Masters of Dreams theme for Esxence Milano 2025

Esxence Milano 2025 Masters of Dreams

Esxence Milano  2025 celebrated its15th anniversary last month! It’s astonishing to witness all the growth and changes which have occurred within the fragrance industry over the years. This event has transformed itself from a choice but small group of exhibitors to an ever-burgeoning smorgasbord of new brands, along with those which have withstood the test of time. This year Esxence was moved up a month, thereby coinciding with Fashion Week and a rather rowdy, contentious soccer match between the Milanese and the Dutch (the stadium is very close to MiCo); in other words, the town was fully abuzz in a maelstrom of activity. When we tally up the thousands who flocked to Milan out of pure passion for perfume, we experience a city within a city – an estimated 13,500 visitors to Esxence Milano 2025 alone.
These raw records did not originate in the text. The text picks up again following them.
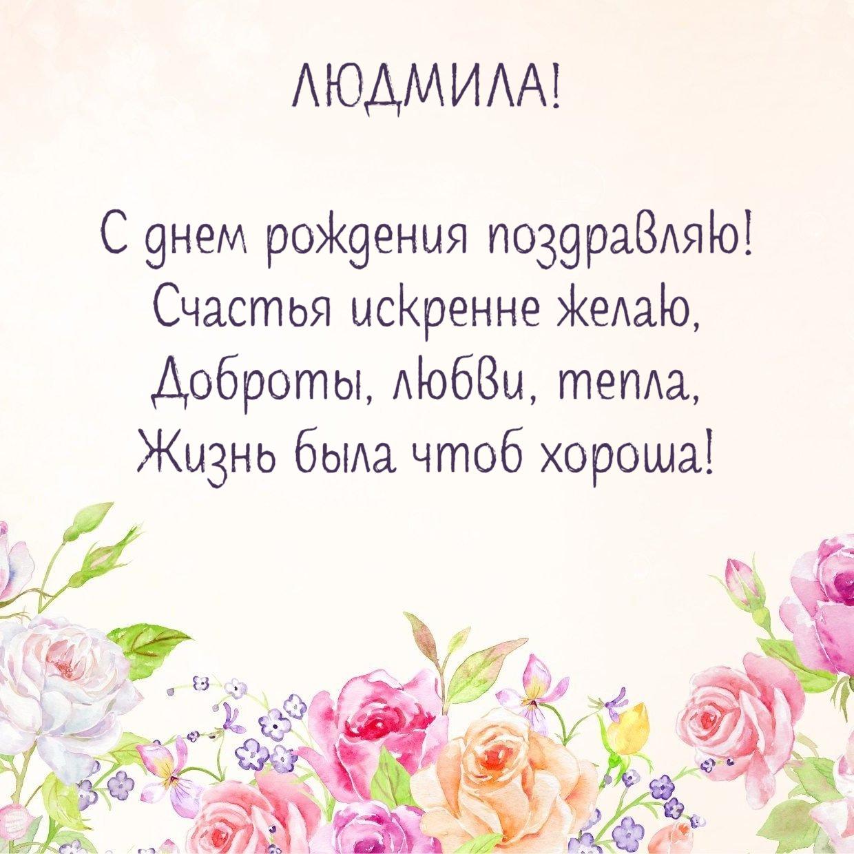 поздравление людмилы с днем рождения открытка
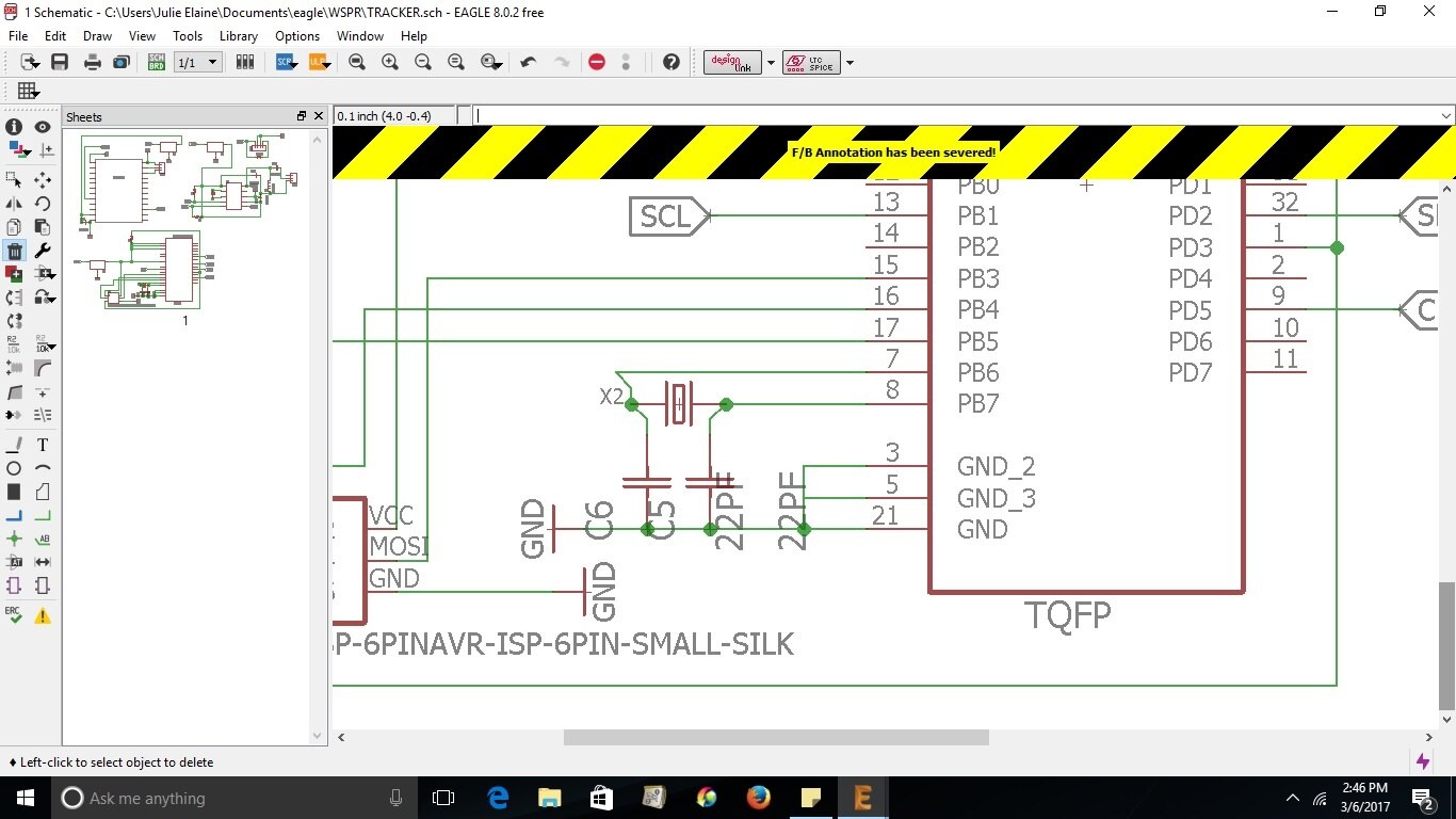 The last thing I expected was not finding common components in the library.My first mistake to assume that an Atmega328p-au would be one of the easiest to find.Not so and had to search the ends of the earth to find it and manually place it into the LIBR directory.After a 4 hour search and finally having this IC in my schematic layout I now see"shorts on several pins of this chip in the BRD window.The worse possible places no less on 3.3v and ground
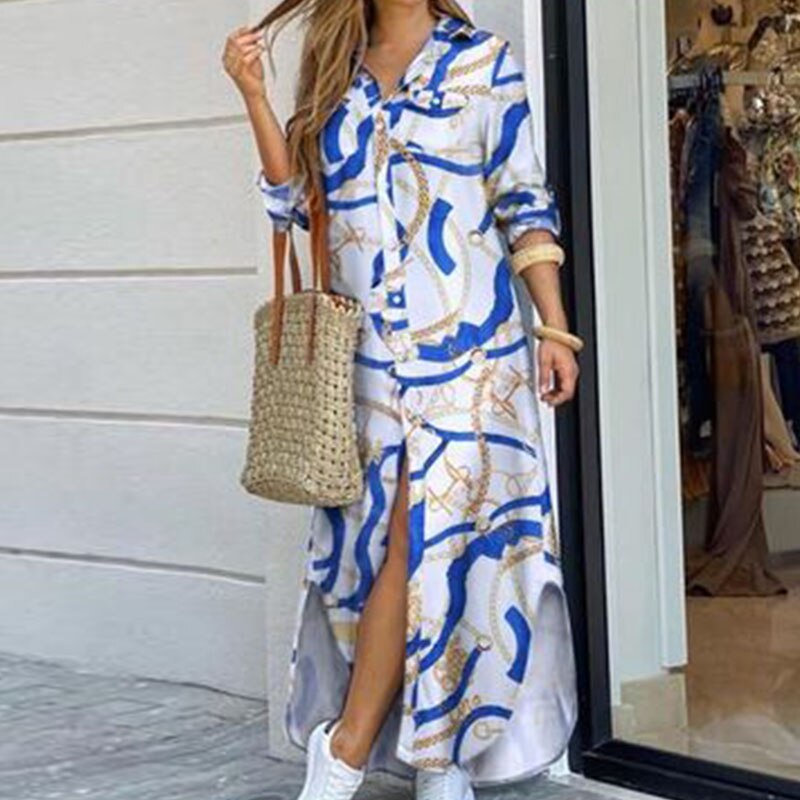 Women Long Sleeve Shirt Dress Summer Casual Boho Printed Dresses Fashion Single Breasted Button Party Female Maxi Dress Vestidos
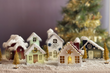 DIY Package Wooden Christmas House Burgundy Red
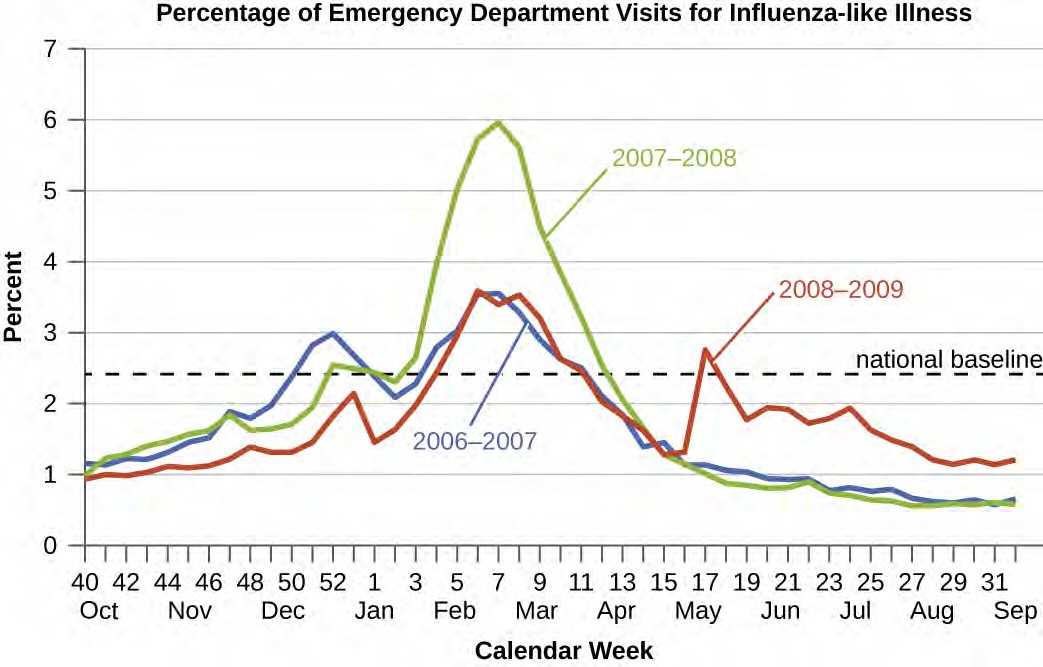 Figure 16.3 The 2007–2008 influenza season in the United States saw much higher than normal numbers of visits to emergency departments for influenza-like symptoms as compared to the previous and the following years. (credit: modification of work by Centers for Disease Control and Prevention)
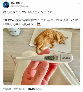 松丸は前日、「寝て起きたらヤバいことになってた、、」と40.2度の温度計の写真をアップ。「コロナの検査結果は陰性だったんで、引き続きいっぱい休んで早く治します…」と明かしていた。
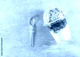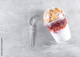 Yogurt with granola flakes and fruits in a plastic cup to go
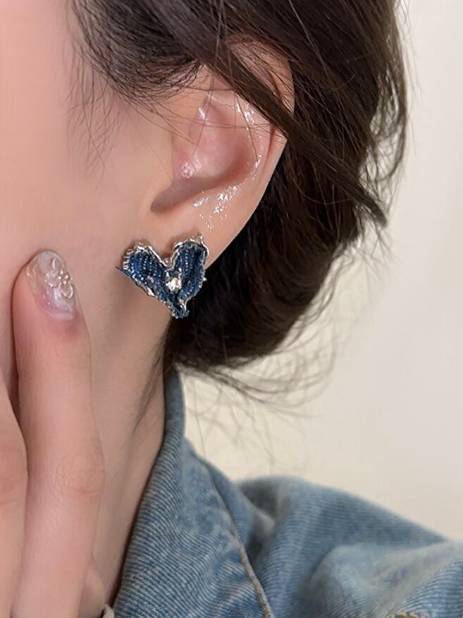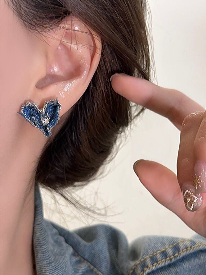 デニム×ハートの甘辛ミックスで耳元に遊び心を。
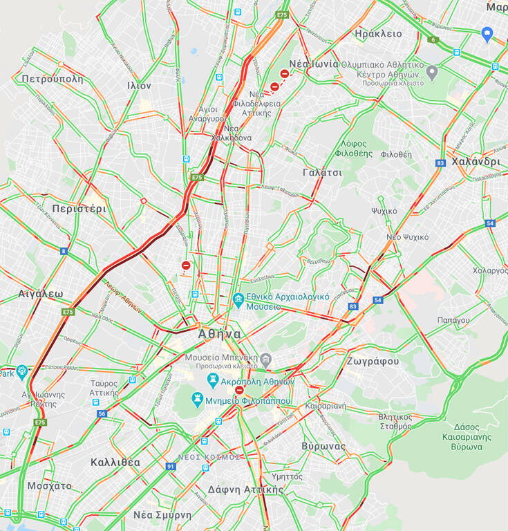 Σύμφωνα με την Τροχαία, η κίνηση αυτήν την ώρα καταγράφεται από την Ιερά Οδό μέχρι την Αχαρνών.
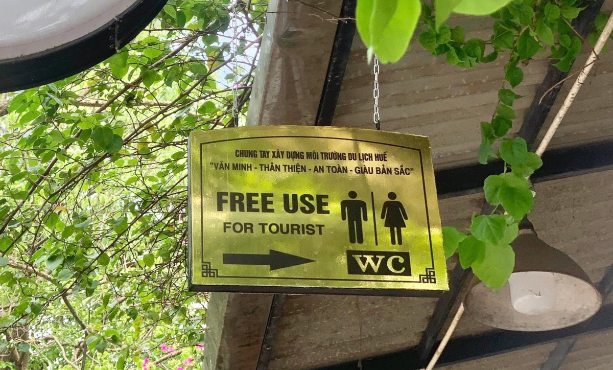Ngành chức năng gắn biển "WC free use for tourist" tại một cơ sở kinh doanh ở TP Huế.
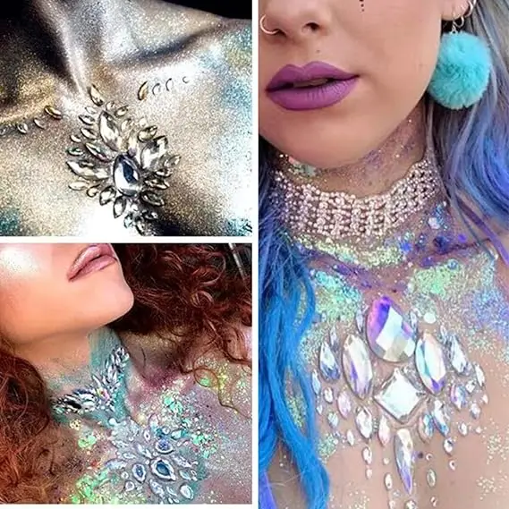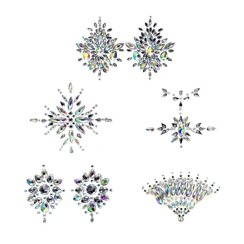 Reusable Temporary Tattoo Rhinestone 3D Self-Adhesive Nipple Pads Stickers Crystal Decals Decorative Nipple Cover for Parties
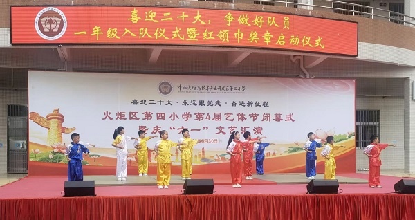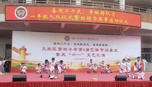 火炬區(qū)第四小學第四屆藝體節(jié)”閉幕式暨“喜迎二十大?永遠跟黨走?奮進新征程”主題文藝匯演由兩個篇章組成,分為童心向黨篇和強國筑夢篇。
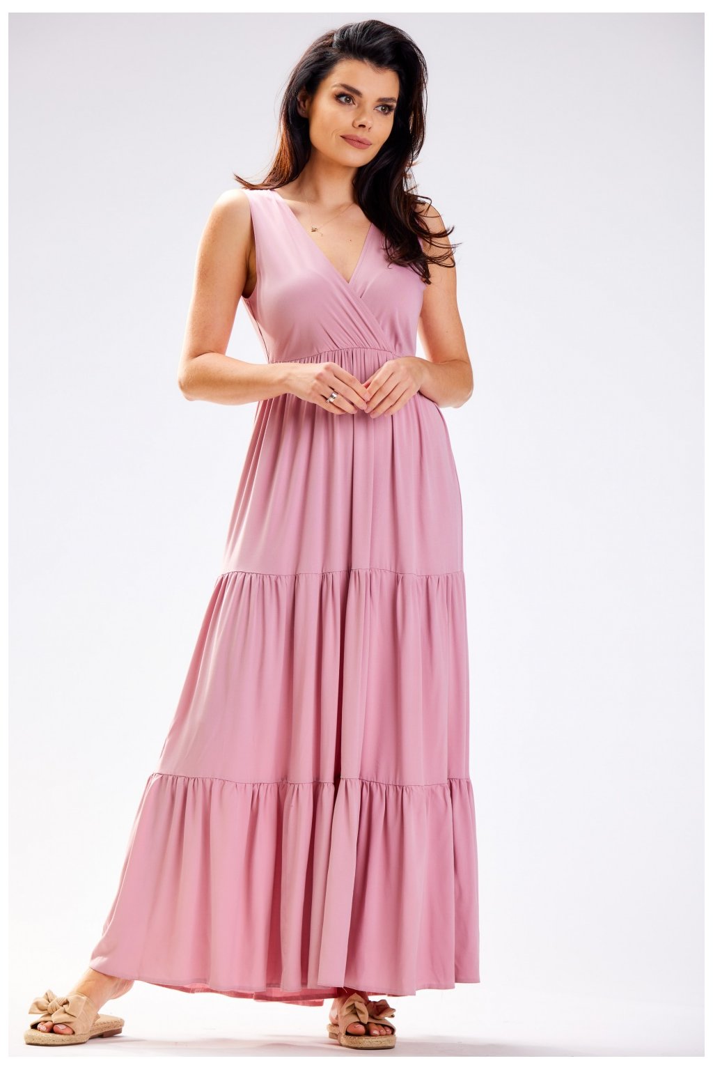 Volné šaty z přírodní viskózy, která je příjemná na dotek. Skvěle padnou při chůzi. Díky nadměrnému střihu padnou každé postavě. Spodní část šatů zdobí volánky. Šaty jsou ideální na léto. Jsou vyrobeny ze vzdušné a přírodní viskózy. Navrženo a ušito v Polsku.Viskóza 97 %
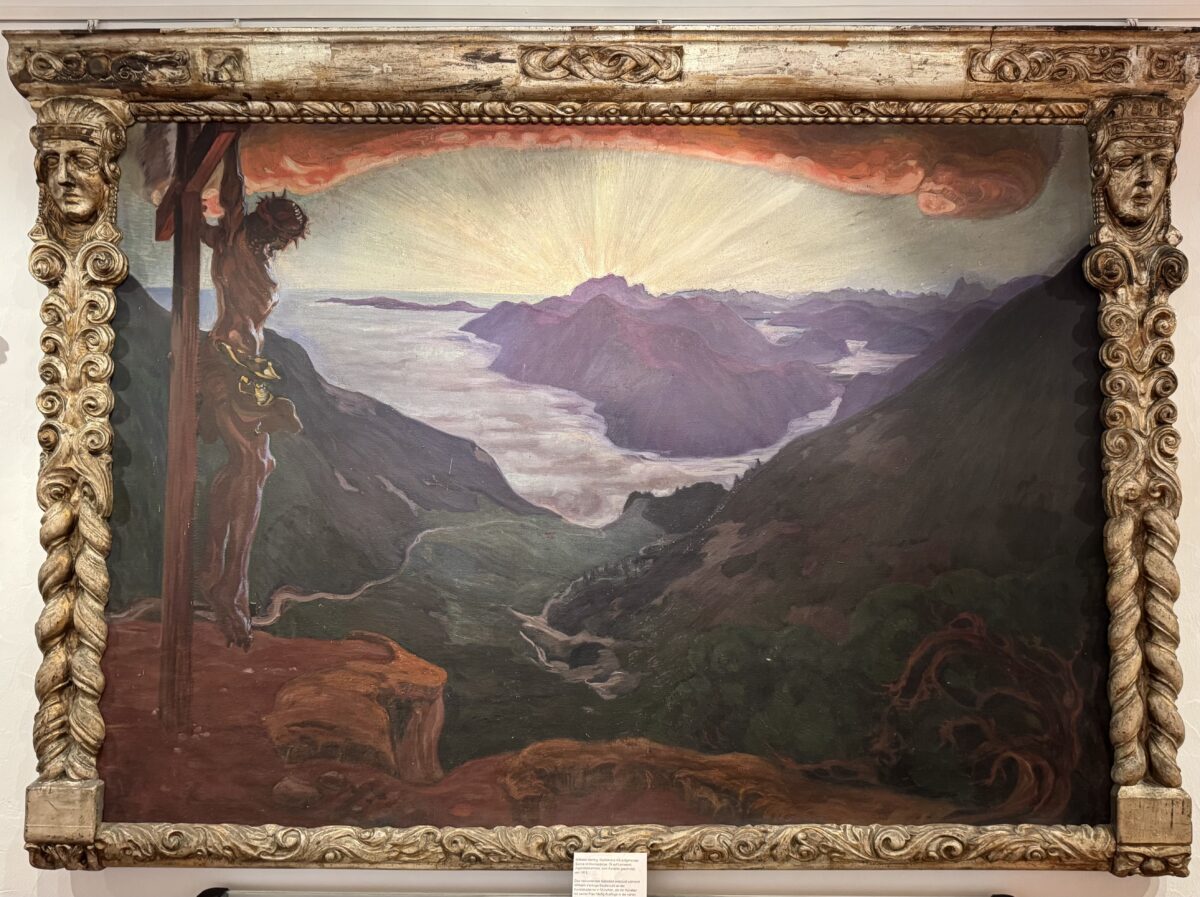 Selbst Heiner Vierling und seine Frau konnte die Sonderausstellung an mancher Stelle überraschen: “Manche Werke waren uns gar nicht bekannt.” Ein großformatiges Gemälde dagegen kennen sie sehr gut: “Gipfelkreuz mit Sonnenaufgang” hing vorher in ihrem Privathaus. Das Ehepaar hat das bemerkenswerte Bild im Jugendstil-Rahmen dem Stadtmuseum geschenkt.
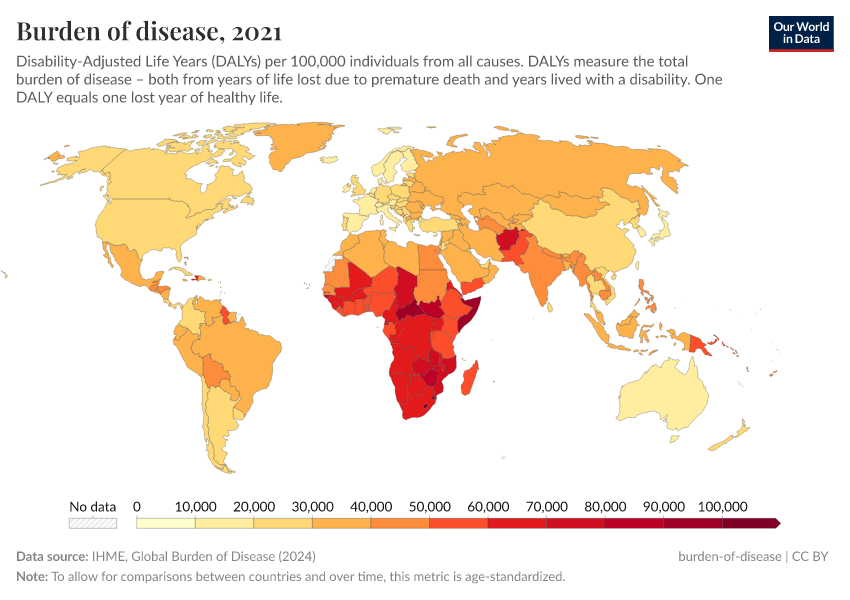 This map shows DALYs per 100,000 people in the population. It is thereby measuring the distribution of the burden of both mortality and morbidity around the world.
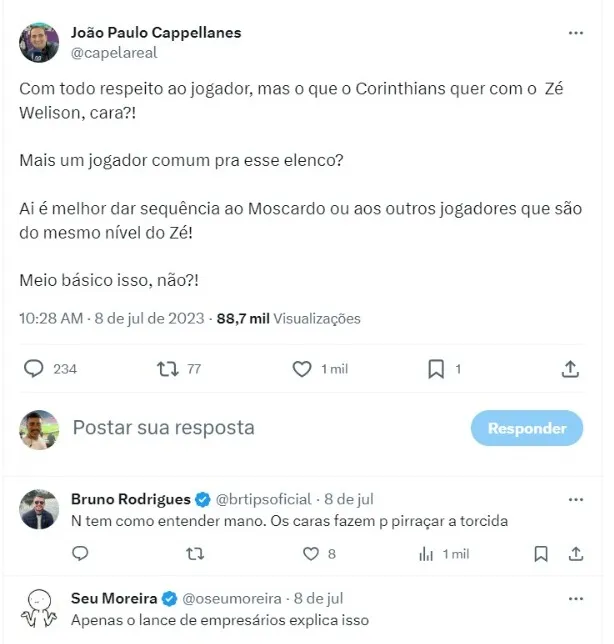 Zé Welison seria boa pro Timão? Fiel responde

The Different Company has two new perfumes Love is Coming...Chapter II and Azhi Ardara.

Esxence Milano 2025 Ida smelling at The Different Company Love is Coming…Chapter II and Azhi Ardara. Ida©

Each visit differs from year to year, but certain elements remain the same: there is always an immense crush of exhibitors, distributors, content creators, influencers, photographers, writers, amateurs, and perfumers – with the final day open to the public at large. There are also many conferences/symposia offered, off-campus fragrance events (usually held in prestigious nearby hotels), and after-hours parties. This year was the first time that I did not attend these off-campus events.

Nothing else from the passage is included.